Pretrained image features
LINKS HAVE BEEN UPDATED
The captioner takes pretrained image features as input (and does not finetune). For best performance, bottom-up attention features should be used. Code for generating these features can be found here. For ease-of-use, we provide pretrained features for the MSCOCO dataset. Manually download the following tsv file and unzip to data/tsv/
:
To make a test server submission, you would also need these features:
Alternatively, to generate conventional pretrained features from the ResNet-101 CNN:
- Download the pretrained ResNet-101 model and save it in
baseline/ResNet-101-model.caffemodel
- Download the MS COCO train/val images, and extract them into
data/images
. - Run:
cd $REPO_ROOT
./scripts/generate_baseline.py
Training
To train the model on the karpathy training set, and then generate and evaluate captions on the karpathy testing set (using bottom-up attention features):
cd $REPO_ROOT
./experiments/caption_lstm/train.sh
Trained snapshots are saved under: snapshots/caption_lstm/
Logging outputs are saved under: logs/caption_lstm/
Generated caption outputs are saved under: outputs/caption_lstm/
Scores for the generated captions (on the karpathy test set) are saved under: scores/caption_lstm/
To train and evaluate the baseline using conventional pretrained features, follow the instructions above but replace caption_lstm
with caption_lstm_baseline_resnet
.
Results
Results (using bottom-up attention features) should be similar to the numbers below (as reported in Table 1 of the paper).

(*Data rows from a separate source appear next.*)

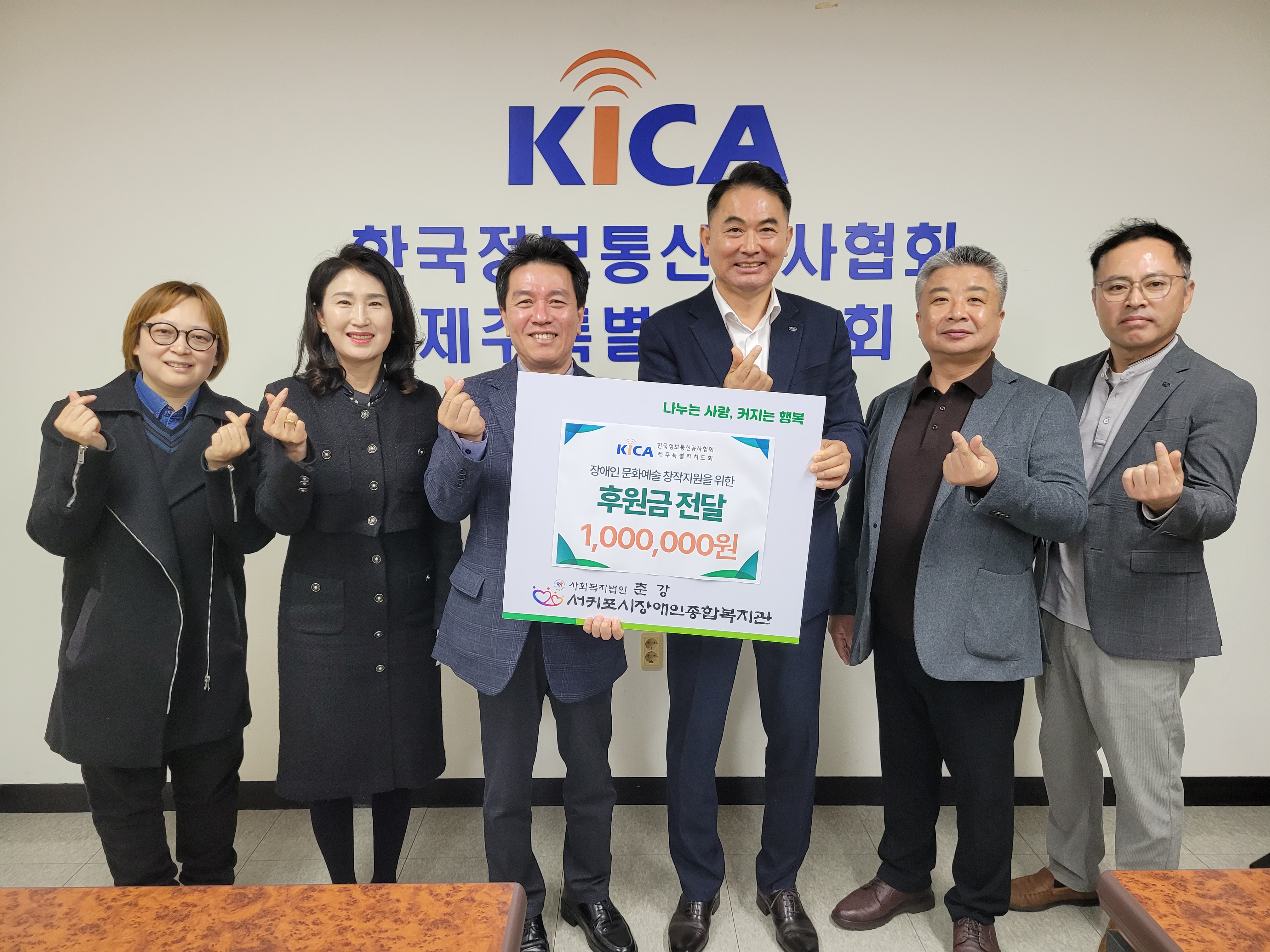 한국정보통신공사협회 제주특별자치도회(회장 양방훈)는 11월 25일(화), 제주특별자치도회 사무실에서 서귀포시장애인종합복지관(관장 윤보철)에 후원금 100만 원을 전달했다.
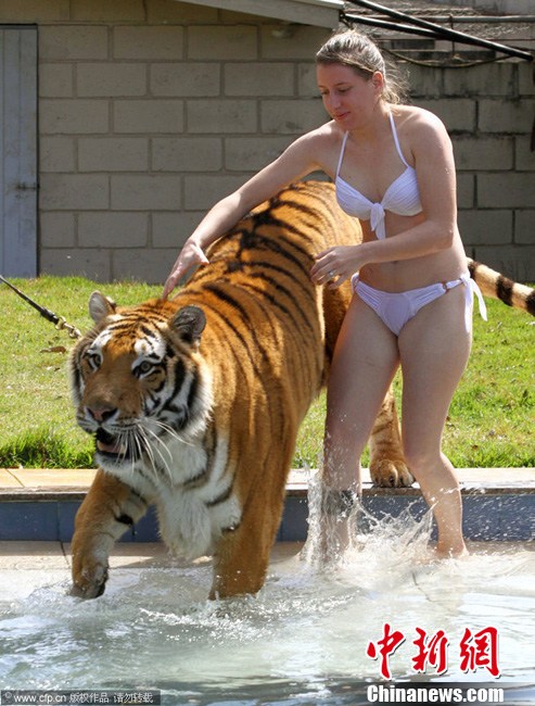 2013年9月25日消息(具体拍摄时间不详),巴西马林加,巴西一个家庭已经不满足于饲养猫狗作为宠物,而是饲养了七只老虎。Aryas Borges最初与老虎结缘是因为拯救了两只在马戏团处境恶劣的老虎。老虎就像他的家庭成员一样,和他的三个女儿一起吃饭、洗澡、玩耍,从小一起长大。如今这些“大猫”在他的家里生活的非常快乐,和他的家庭积累了非常深厚的感情。这种猛兽在他们面前展现出难得温柔的一面。图片来源:CFP视觉中国
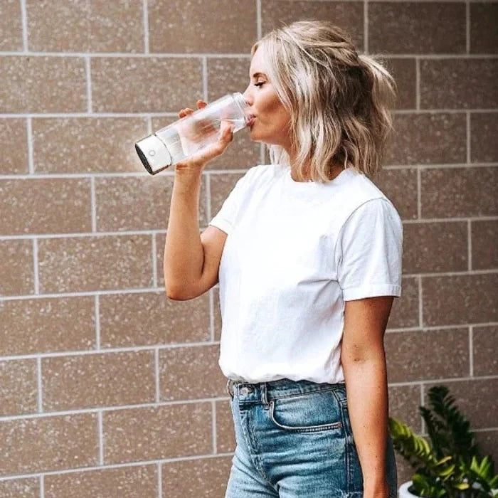 Onze fles voegt waterstof toe aan uw water, wat bewezen is om dieper te hydrateren, ontstekingen te bestrijden en oxidatieve stress te neutraliseren.
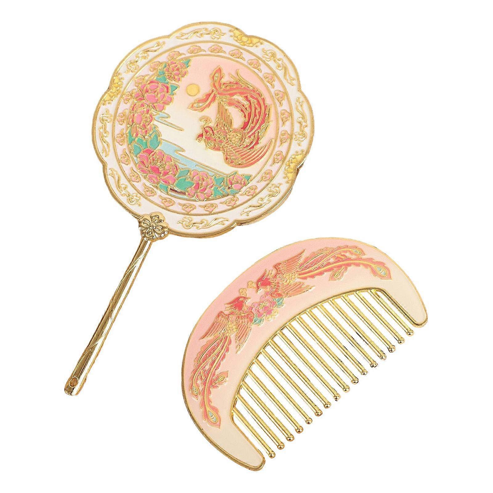 Handheld Mirror Set Makeup Mirror Retro Design Flower and Bird Pattern Embossed

BLEU-1 | BLEU-4 | METEOR | ROUGE-L | CIDEr | SPICE | |
---|---|---|---|---|---|---|
Cross-Entropy Loss | 77.2 | 36.2 | 27.0 | 56.4 | 113.5 | 20.3 |
CIDEr Optimization | 79.8 | 36.3 | 27.7 | 56.9 | 120.1 | 21.4 |
Other useful scripts
-
scripts/create_caption_lstm.py
The version of caffe provided as a submodule with this repo includes (amongst other things) a customLSTMNode
layer that enables sampling and beam search through LSTM layers. However, the resulting network architecture prototxt files are quite complicated. The filescripts/create_caption_lstm.py
scaffolds out network structures, such as those inexperiments
. -
layers/efficient_rcnn_layers.py
The providednet.prototxt
file uses a python data layer (layers/rcnn_layers.py
) that loads all training data (including image features) into memory. If you have insufficient system memory use this python data layer instead, by replacingmodule: "rcnn_layers"
withmodule: "efficient_rcnn_layers"
inexperiments/caption_lstm/net.prototxt
. -
scripts/plot.py
Basic script for plotting validation set scores during training.